Assistant Professor of Medicine University of Alabama at Birmingham, United States
Introduction: Minimal residual disease (MRD) is the most important dynamic prognostic marker of progression free (PFS) and overall survival (OS) in newly diagnosed multiple myeloma (NDMM). While autologous stem cell transplantation (ASCT) increases the proportion of patients (pts) reaching MRD negativity (< 10-5), it has short- and long-term toxicities. Quadruplets lead to high rates of MRD negativity creating the opportunity of MRD-adapted transplantation deferral. In the MILESTONE trial, we prospectively study the feasibility of using post induction MRD to defer ASCT in pts with NDMM.
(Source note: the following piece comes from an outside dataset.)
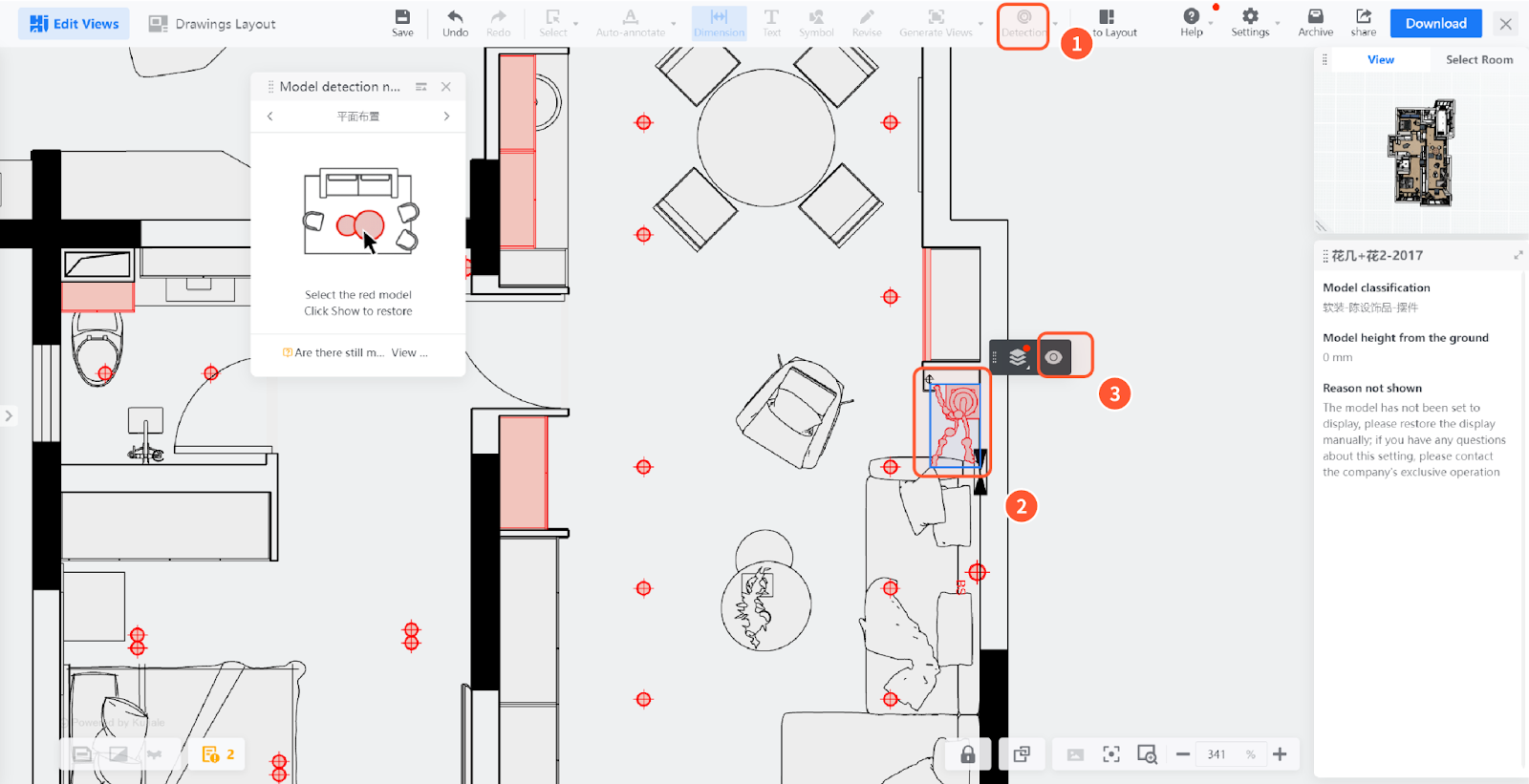 VII.I placed models outside the house, but they are not displayed in the construction drawing. What should I do?
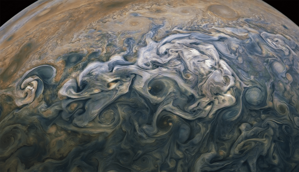 The intricate swirls visible in Jupiter's uppermost cloud layer are likely caused by higher temperatures deeper in the layers of the atmosphere, and by the planet's rotation.

Methods: MILESTONE (NCT04991103) is a phase II clinical trial for ASCT eligible NDMM and AL amyloid pts. In cohort A (NDMM), treatment consists of daratumumab 1800 mg SC (typical schedule), weekly bortezomib 1.3 mg/m2 SC, lenalidomide 25 mg PO days 1-21 and weekly dexamethasone 40 mg PO/IV (DaraVRd) every 28 days for 6 cycles followed by assessment of MRD by next-generation sequencing (clonoSEQ). Pts with MRD< 10-5 defer ASCT and continue with consolidation DaraVRd x3 cycles, pts with MRD³10-5 proceed with ASCT. After consolidation, all pts continue with maintenance (daratumumab on D1 and lenalidomide 10 mg D1-21 every 28 days; DaraR). Pts achieving sustained MRD< 10-5 (2 consecutive assessments 1 year apart) discontinue maintenance and proceed with MRD surveillance (MRD-SURE). The primary endpoint is the rate of ASCT deferral. Secondary endpoints included MRD conversion with ASCT, complete response (CR) by IMWG criteria at end of induction and consolidation, PFS and OS.
Results: We accrued 20 pts between 11/2021 and 5/2023. The median age is 69 years (37-78), 50% male, 45% racial and ethnic minorities, 40% with ISS stage III disease, 15% with high risk FISH abnormalities [t(4;14), t(14;16) and del17p]. All pts successfully collected sufficient stem cells for ASCT ( >2 × 106 CD34+ cells/kg), 5/20 (25%) achieved MRD < 10-5 post induction leading to ASCT deferral and one additional pt deferred ASCT by choice. One pt withdrew from participation before the end of induction. Thirteen pts completed ASCT and 6 (46%) converted to MRD < 10-5. With a median follow up of 18.4 months, there are no progressions or deaths, 4 pts have transitioned to MRD-SURE and 15 remain on maintenance and cumulative MRD negative rate 60% (12/20). The overall response rate 100%, best response ≥CR 80% (16/20).
Conclusions: Quadruplet induction results in deep responses allowing an opportunity to defer ASCT based on individual treatment response in NDMM. This study provides the initial feasibility of utilization of post induction MRD in guiding next steps in treatment. This approach is being further explored in the larger ongoing, randomized phase II MASTER-2 clinical trial to see if comparable clinical outcomes are possible without ASCT in those achieving deep response to induction therapy. Additionally, cohort B is accruing for pts with AL amyloidosis to defer transplantation based on MRD status.